June 17, 2024
By Ishai Mishory, 2023-24 Center for Jewish History Lapidus Graduate Fellow
The Political Economy of Classification: Jewish Bibliographers Write about Gershom Soncino
What constitutes “Jewish knowledge”? Who decides what is a “Jewish” versus a “Non-Jewish” book or title? Should the decision be based on subject matter (a.k.a, “Rabbinic material”), or maybe on language (Yiddish and Hebrew, presumably – but not Italian)? On the identity of a book’s writer? Maybe its editor, its readers, or its printer?

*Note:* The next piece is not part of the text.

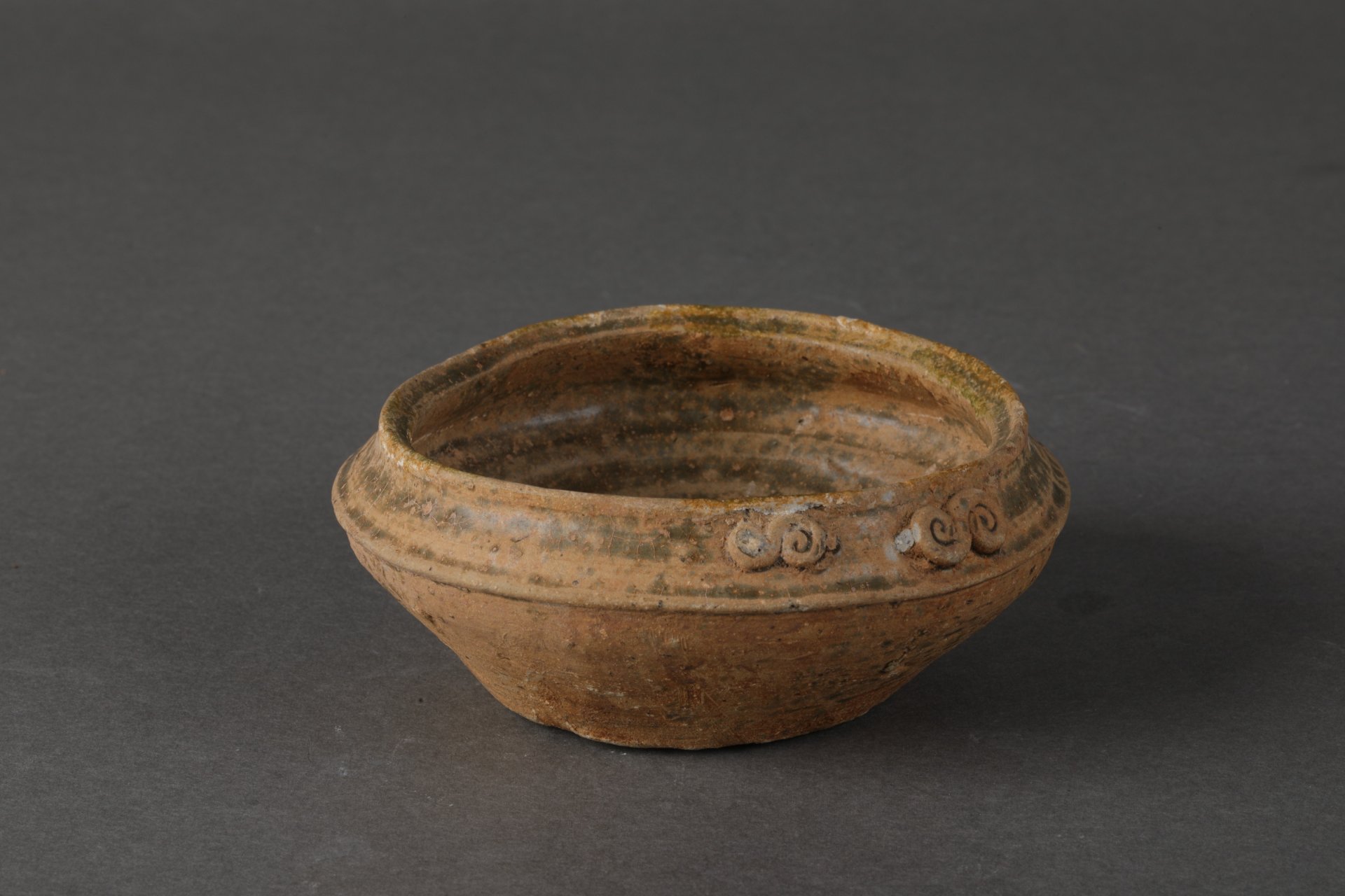 西周。原始瓷器。敞口,淺腹,圈足外撇,整器飾有弦紋,貼塑“s”形紋飾。施青釉,造型古樸。西周中晚期,原始瓷開始大量使用S形堆紋裝飾,貼飾於尊、簋、碗的翻折沿以及盂、缽等肩部位置。

When I set out to produce a critical bibliography of titles printed by Renaissance-era Jewish printer, humanist, and editor Gershom (Hieronymus) Soncino, active in the late 15th and early 16th centuries in Italy and the Ottoman Empire, I found myself continually confronting choices made by “Jewish bibliographers”: writers – mostly German – working not in the early modern period but in fact in the 19th and 20th centuries, scholars of the Wissenschaft des Judentums movement, who offered a taxonomy and an overview of the sum total of “Jewish knowledge,” of what used to be called “Jewish book lore.” As a discourse developed under those 19th-century ideals determining what “science” consists of, bibliography was concerned with such hard measurables as format, type, edition, and exact author attribution. But by grouping together similar titles and making taxonomical decisions about what was “allowed in” and what was not, its different practitioners in fact strove to produce a coherent body of text that would constitute a sum total of all “Jewish material.”

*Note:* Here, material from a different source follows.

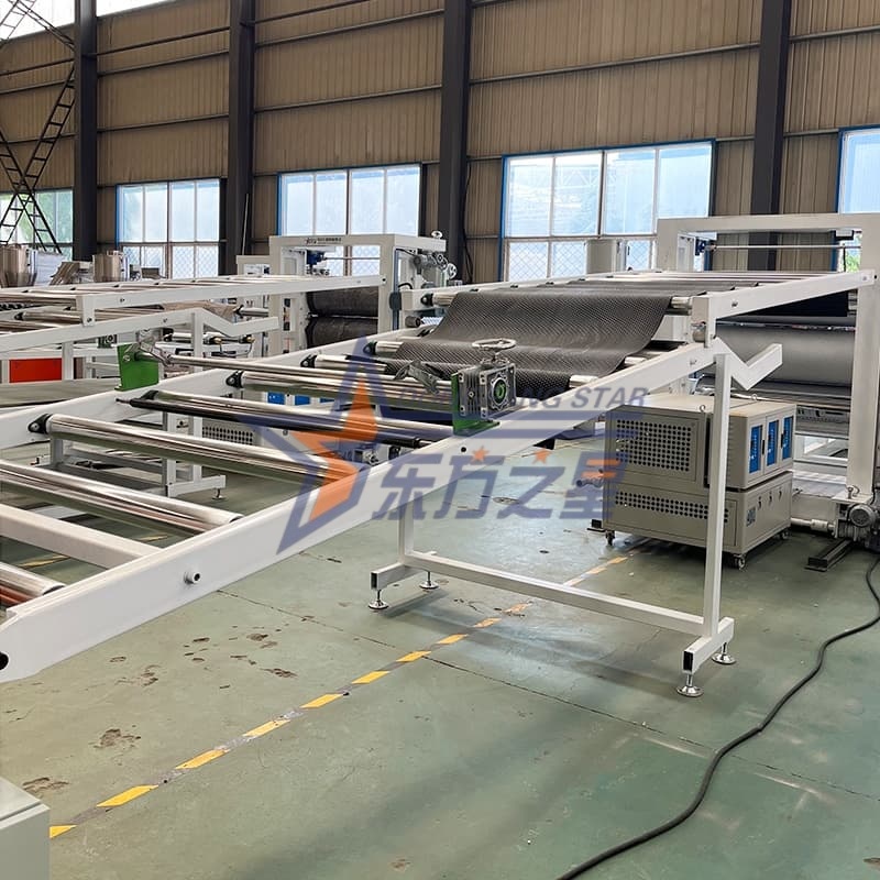 TheLinija za proizvodnjo protizdrsnih plošč TPEuporablja MJ-1160 obešalnik z zrcalnim končnim pretočnim kanalom in kalander s tremi valji SG-1200 za natančno delovanje. Pretočni kanal kalupa je kromiran in poliran, da se zagotovi enakomerna porazdelitev taline. Koledar uporablja zrcalne valje φ400 mm s površinsko hrapavostjo Ra≤0,025 μm. Preko neodvisnega sistema za nadzor temperature natančno uravnava temperaturo valja.

Examining these choices not simply as so much scientific list-making but as a literary discourse reveals the personalities and proclivities of the different writers as constituting different possible images of the Jewish past, and of Jewish identity itself. Rather than simply reflecting an already-extant body of “Jewish material,” the inclusions and, perhaps most importantly omissions practiced by these writers and librarians – from Moritz Moritz Steinschneider (1816–1907), an erudite scholar of large swaths of Jewish (and indeed, human) history to practitioners of much more specialized purviews, like Russian-born Rapha‘el Nathan (Nata) Rabinovitch (1835–1888), in his case the printing history of the Talmud – arguably constituted it. For instance, while some of them chose to work with different “national” Jewish languages, supplying historical credence to competing (Hebrew/Yiddish) national-linguistic projects, others focused on specific genres, often occluding competing material. It has taken recent scholarship into Jewish literatures from the early modern period, for example, to address books produced in that period – often in vernacular languages, read by women, exhibiting ‘low’ literary quality or accompanied by robust illustrations. The mostly-German Jewish bibliographers knew of their existence but deemed them unworthy.

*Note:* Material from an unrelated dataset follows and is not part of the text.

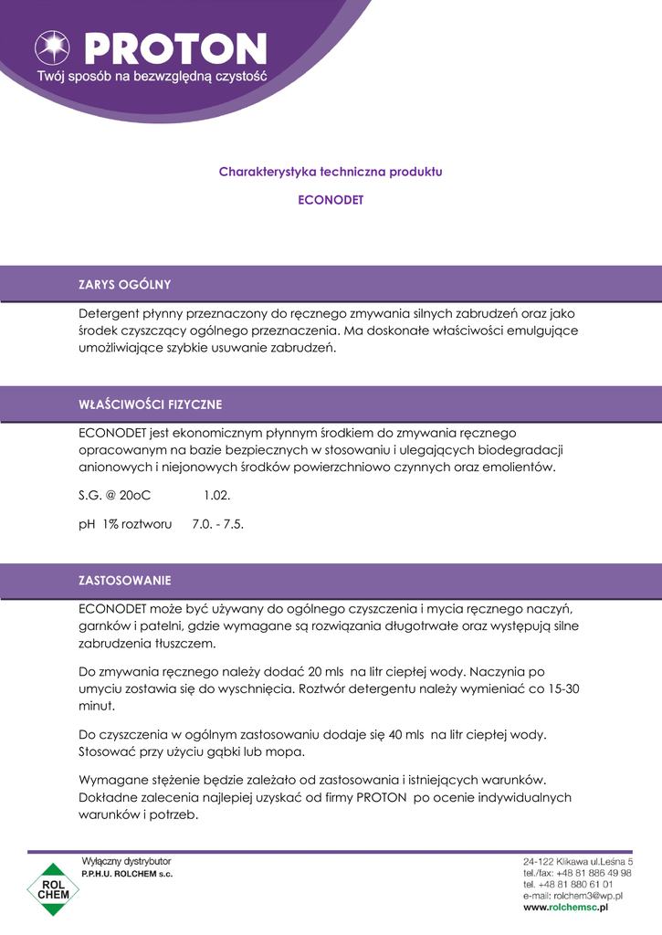 Charakterystyka techniczna produktu ECONODET ZARYS OGÓLNY Detergent płynny przeznaczony do ręcznego zmywania silnych zabrudzeń oraz jako środek czyszczący ogólnego przeznaczenia. Ma doskonałe właściwości emulgujące umożliwiające szybkie usuwanie zabrudzeń. WŁAŚCIWOŚCI FIZYCZNE ECONODET jest ekonomicznym płynnym środkiem do zmywania ręcznego opracowanym na bazie bezpiecznych w stosowaniu i ulegających biodegradacji anionowych i niejonowych środków powierzchniowo czynnych oraz emolientów. S.G. @ 20oC pH 1% roztworu 1.02. 7.0. - 7.5. ZASTOSOWANIE ECONODET może być używany do ogólnego czyszczenia i mycia ręcznego naczyń, garnków i patelni, gdzie wymagane są rozwiązania długotrwałe oraz występują silne zabrudzenia tłuszczem. Do zmywania ręcznego należy dodać 20 mls na litr ciepłej wody. Naczynia po umyciu zostawia się do wyschnięcia. Roztwór detergentu należy wymieniać co 15-30 minut. Do czyszczenia w ogólnym zastosowaniu dodaje się 40 mls na litr ciepłej wody. Stosować przy użyciu gąbki lub mopa. Wymagane stężenie będzie zależało od zastosowania i istniejących warunków. Dokładne zalecenia najlepiej uzyskać od firmy PROTON po ocenie indywidualnych warunków i potrzeb. OPAKOWANIE 4 x 5 l plastikowe pojemniki. 20 l plastikowe beczki. 25 l plastikowe beczki. 200 l plastikowe beczki. Dokument opracowany przez: The Proton Group Limited, Normanton Industrial Estate, Normanton, West Yorkshire, WF6 1QT. Tel: +44(0) 1924 892834 Data: 01.03.98 Odnośnik: econodet.neu Edycja: 98/2

Much hangs on a critical take on “Jewish bibliography” when dealing with the experiences of Italian and Ottoman early modern Jews. Is a book including woodcut illustrations of the Life of Christ to be deemed “Jewish” if its printer were a devout Jewish man? What about the same printer dealing with Latin humanist material? Alternately, did the Jews of Renaissance Italy read and enjoy those illustrated tales of chivalric derring-do so wildly popular at the time in their original vernacular, or did they have to wait for that literature to be “Judaized” for their benefit? The archive offers some surprising answers, but they demand a move beyond Rabbinics-centered, essentializing, nationalist-linguistic readings to a more creative, generous. and expansive view of Jewish identity and history.